This post was originally published on the Missouri S&T Solar Car team blog

For our previous car (Solar Miner) I rewrote and redesigned the telemetry software that was used in support vehicles for viewing data coming from the car. It worked well, and gave us all the information we needed at the time, but it suffered in some areas. One of these was that data was never stored anywhere except a plain-text log file, which proved slow and unreliable. With this in mind, our new telemetry system will store information in a database for further review.

This post is a discussion of data gathered during week long tests performed on two popular database systems.

Old System

The previous telemetry software, as stated before, only stored incoming data in a plain-text, comma-separated file. This proved unreliable in a few ways:
  • Had to pause, or stop data logging in order to processes, handle, and interpret data received
  • Logging to files is slow
  • Data was only received by computers actively running the telemetry software on the same network as the car
With these faults in-mind, I have decided that all data coming from the car will be logged in a database, and also seen by telemetry software in real time. A dedicated machine running software to log incoming telemetry packets will run at all times when the car is running, constantly logging.

This will allow for data to be seen in real time (and only real time) on the telemetry software, as well as being processed and stored into a database. The machine will host a website that can be used during the race to see charts/graphs of data coming from the car, removing the legacy MATLAB program from the process.

Our Needs

This constant flood of data is why we are performing these tests ourselves. Messages are sent out about every 100ms on the car, for just one system, that's a lot of messages!

We haven't exactly narrowed down how many telemetry messages our new car will send out a second, so we are using the speed of packets from Solar Miner.

We need a system that can both read, and write, to a database extremely quickly, no matter how large our tables become. We do not want to be cleaning out a table while in the middle of Australia because we have too much data.

While there are companies, and other scenarios, where database usage will be ten-fold more heavy than ours, these tests provide team members with testing experience, and experience interacting with a database.

Database Systems Tested

Tests were conducted against MySQL and Apache Cassandra.

Since we just want to know what systems will slow down more as data increases, our tests will simply insert a lot of rows, and the query for each operation as data grows larger will be tracked.

Average write times are recorded by taking the average time of 20,000 INSERT queries.

Average read times are taken while inserting rows, and then again when not inserting rows. 20,000 SELECT operations are performed during both of these tests.

A fourth, and final test, shows the average INSERT query time while rows are being read from the database.

Results


Above is a chart that shows average read times (over 20,000 SELECT operations) for both MySQL (red and blue) and Apache Cassandra (green and yellow/orange).

There are four total data sets, two for each system.
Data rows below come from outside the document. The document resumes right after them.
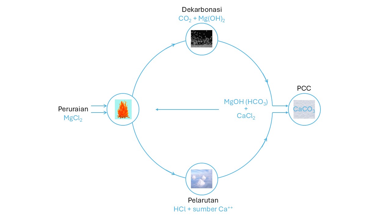 - Presipitasi: Ca(OH)2 + CO2 –> CaCO3 (PCC) + H2O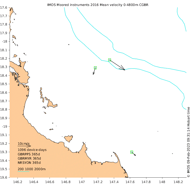 These maps show some basic analyses of the velocity data: mean and sub-tidal variance for several layers and time-windows, and tidal harmonics for the depth-average velocity using the whole record. Click through to see more detailed plots of the selected dataset or to download those data from the AODN thredds server.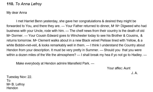 Heel anders van toon is de andere brief (brief 110 in Le Feye’s editie), gericht aan haar nichtje Anna Lefroy (de oudste dochter van haar broer James). Een half velletje maar, met een gat in de tekst doordat iemand er ooit het zegel uit had geknipt. Helaas! Aan de achterkant konden we het adres zien, en de brief is gericht aan ‘Mrs B. Lefroy’ in Hendon. Als we goed naar de datum kijken, in het licht van de geschiedenis van de family Austen, zien we dat Anna en Benjamin twee weken eerder waren getrouwd, en in de brief brengt Jane de gelukwensen over van Harriet Benn. Het gat in de tekst is zo goed mogelijk ingevuld door Deirdre Le Faye. De brief eindigt met de woorden “Make everybody at Hendon [waar Anna nu dus woonde] admire Mansfield Park” – dat was namelijk net uitgekomen.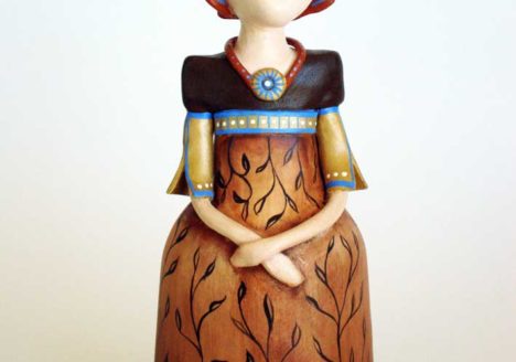 Phoebe is a nurturing spirit. She provides protection and safety for her growing family of feathered friends. Phoebe was created in stages, melding wet with dry pieces over several days. She stands at 170mm high.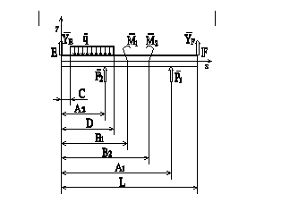 Знаки величин принимаются относительно направлений, обозначенных на рисунке. 1.1 Найти: YE-? ZE-? YF-? ZF-? Решение: Заменим опоры в точках E и F их реакциями. Таким образом несвободное тело EF становится свободным, и к нему можно применить условия равновесия. Для поперечных сил положительным принято направление по оси y ; положительным моментом - момент, сжимающий верхние волокна балки. Для расчета реакций опор распределенную нагрузку q заменим равнодействующей R, приложенной в середине отрезка CD действия нагрузки q, в точке с координатой (C+D)/2. R = q•Dl; Dl = в – С. Условия равновесия тела EF : еQyn = 0 : сумма поперечных сил еQzn = 0 : сумма продольных сил еMn = 0 : сумма изгибающих моментов Силы P1, P2, R приложены перпендикулярно к оси z, поэтому их проекции на эту ось будут нулевыми по величине, еQzn = 0. Уравнение суммы поперечных сил : YE – q • (D – С) + P2 + P1 + YF = 0 Уравнение суммы изгибающих моментов относительно точки E : – (D – С) • q • (С +D) / 2 + P2 • A2 – M1 + M2 + P1 • A1 + YF • L = 0 Знаки в уравнениях определены исходя из направлений, обозначенных на эквивалентной схеме нагрузки балки (рис.3), поэтому в уравнениях используются модули нагрузочных величин (ЅP1Ѕ,ЅP2Ѕ,ЅRЅ,ЅM1Ѕ,ЅM2Ѕ) и обозначаются без векторной черты. Возможные отрицательные значения искомых величин YE и YF будут означать противоположное их направление выбранному на схеме. Из уравнения моментов вычисляем силу YF : YF = [(D – C) • q • (С +D) / 2 – P2 • A2 + M1 – M2 – P1 • A1] / L YF = [(1,2–0,2)•20•(1,2+0,2)/2–10,0•1,0+16–11–8,0•2,5] / 3,1 » –3,6 Из уравнения поперечных сил вычисляем силу YE : YE = q • (D – С) – P2 – P1 – YF YE » 20 • (1,2 – 0,2) – 10,0 – 8,0 – (–3,6) = 5,6 [кН]. Для проверки составим уравнение моментов относительно другой точки. Знаки в уравнении определены исходя из эквивалентной схемы балки (рис.4), где искомые реакции опор YE и YF имеют правильные направления. Уравнение суммы изгибающих моментов относительно точки F : –(D–С)•q• [(L–D)+(L–C)]/2+YE•L+P2•(L–A2)+P1•(L–A1)+M1–M2=0 Обращение левой части уравнения в нуль при подстановке данных и найденных величин подтверждает правильность значений найденных реакций опор YE и YF. –(1,2–0,2)•20•[(3,1–1,2)+(3,1–0,2)]/2+YE•3,1+10,0•(3,1–1,0)+ +8,0•(3,1–2,5)+16–11 = 0; –17,2+5,6•3,1 » 0. 1.2 Найдем зависимость внутренних усилий (поперечных сил Q и изгибающих моментов M) на протяжении балки от координаты z, начиная от точки E (z - расстояние до точки E). Бесконечно близко1) слева (со стороны точки E) к точкам приложения сил и моментов проведем сечения. Таким образом, на протяжении балки образуются 7 участков. Рассмотрим, начиная от точки E, изменение внутренних напряжений (Q и M) балки на каждом участке в зависимости от координаты z. zn - расстояния от точки E до точек приложения нагрузок, z0 = 0. Пусть Q(z) - функция зависимости внутренней поперечной силы (балки) от координаты z; 0 Ј z < z7.

One of these sets shows the average read time while the database is having data written to it.

What this shows is that as you return more and more rows from MySQL each query grows slightly slower, not by a lot, but still slower. Both reading and reading while writing have a steady incline to them, they're reliably getting slower.

While looking at the data gathered from Cassandra, query times are nearly stable when only reading, as well as when you are reading and writing. Reading while writing with Cassandra did tend to fluctuate more than just reading, it is still hovering around the same times, where MySQL is a steady increase.


The second chart shows the average write time (over 20,000 INSERT operations) on by MySQL (left) and Apache Cassandra (right).

Having never touched a NoSQL database before, it was amazing to see how quickly Cassandra could insert new data. I re-ran this test multiple times to confirm that this result was consistent, and sure enough, Cassandra blew MySQL out of the water every single time.

Conclusion

After running the tests, and many discussions, Apache Cassandra has been chosen as our database system of choice. While Cassandra performs slower than MySQL when reading while writing and returning <20,000 rows we will probably find ourselves in situations where we will need to return a lot more than 20,000 rows since it only represents about 2 minutes of telemetry data.